==== The data ====
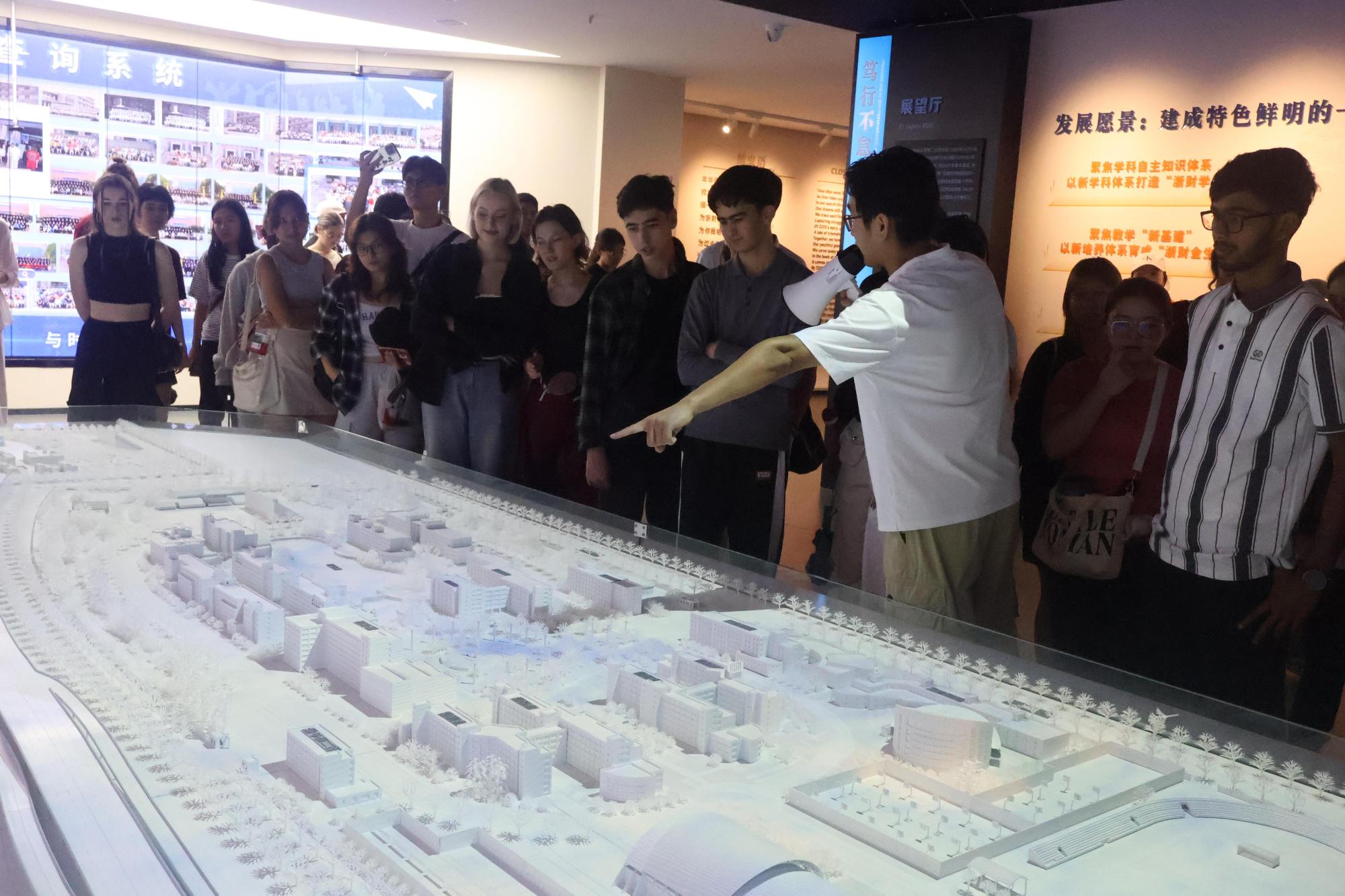 跟随志愿者的脚步,同学们的目光被墙上一张张珍贵的老照片和展柜中泛黄的历史实物所吸引。从1974年建校初期的创业维艰,到不同历史时期的跨越发展,国际学生们静静地聆听着学校的创办故事与发展历程,深刻体会到“筚路蓝缕”的真正含义
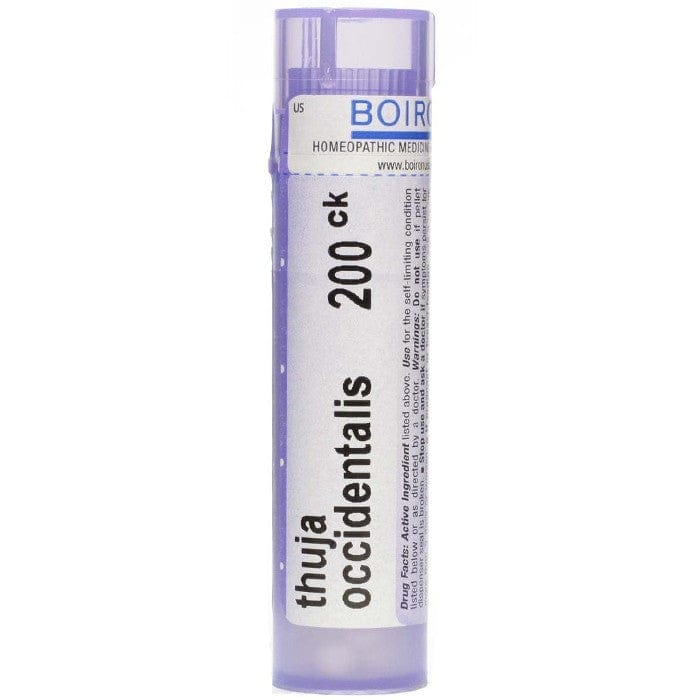 Dispense 5 Boiron Thuya Occidentalis granules from the tube and dissolve under the tongue. For infants, dissolve 5 granules in 30ml of water. Give 5ml each dose.
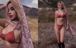 荒野中雜草叢生,卻在這種情景下吸住了所有人的目光,眼前穿著橙色比基尼的長髮尤物就是「南湘Wendy」,頭上披著紅色方巾,還是難掩那小巧又精美的臉蛋,尤其深邃帶電的眼神,一個回眸就讓人神魂顛倒,還有凹凸銷魂的曲線,確實在荒蕪中增添了滿滿風采! (圖片來源: ▶ ▶
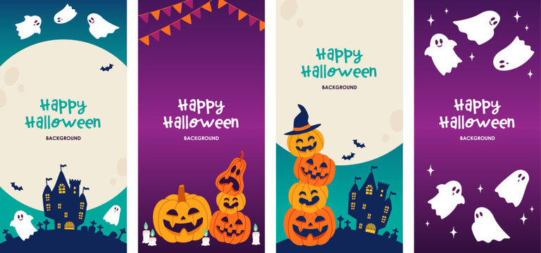 Halloween design banner set, full moon and pumpkin, turquoise and purple background
====
Problem requirements → Pictures are to be excluded; all other material must be transcribed exactly.

Solved problem →
 跟随志愿者的脚步,同学们的目光被墙上一张张珍贵的老照片和展柜中泛黄的历史实物所吸引。从1974年建校初期的创业维艰,到不同历史时期的跨越发展,国际学生们静静地聆听着学校的创办故事与发展历程,深刻体会到“筚路蓝缕”的真正含义
 Dispense 5 Boiron Thuya Occidentalis granules from the tube and dissolve under the tongue. For infants, dissolve 5 granules in 30ml of water. Give 5ml each dose.
 荒野中雜草叢生,卻在這種情景下吸住了所有人的目光,眼前穿著橙色比基尼的長髮尤物就是「南湘Wendy」,頭上披著紅色方巾,還是難掩那小巧又精美的臉蛋,尤其深邃帶電的眼神,一個回眸就讓人神魂顛倒,還有凹凸銷魂的曲線,確實在荒蕪中增添了滿滿風采! (圖片來源: ▶ ▶
 Halloween design banner set, full moon and pumpkin, turquoise and purple background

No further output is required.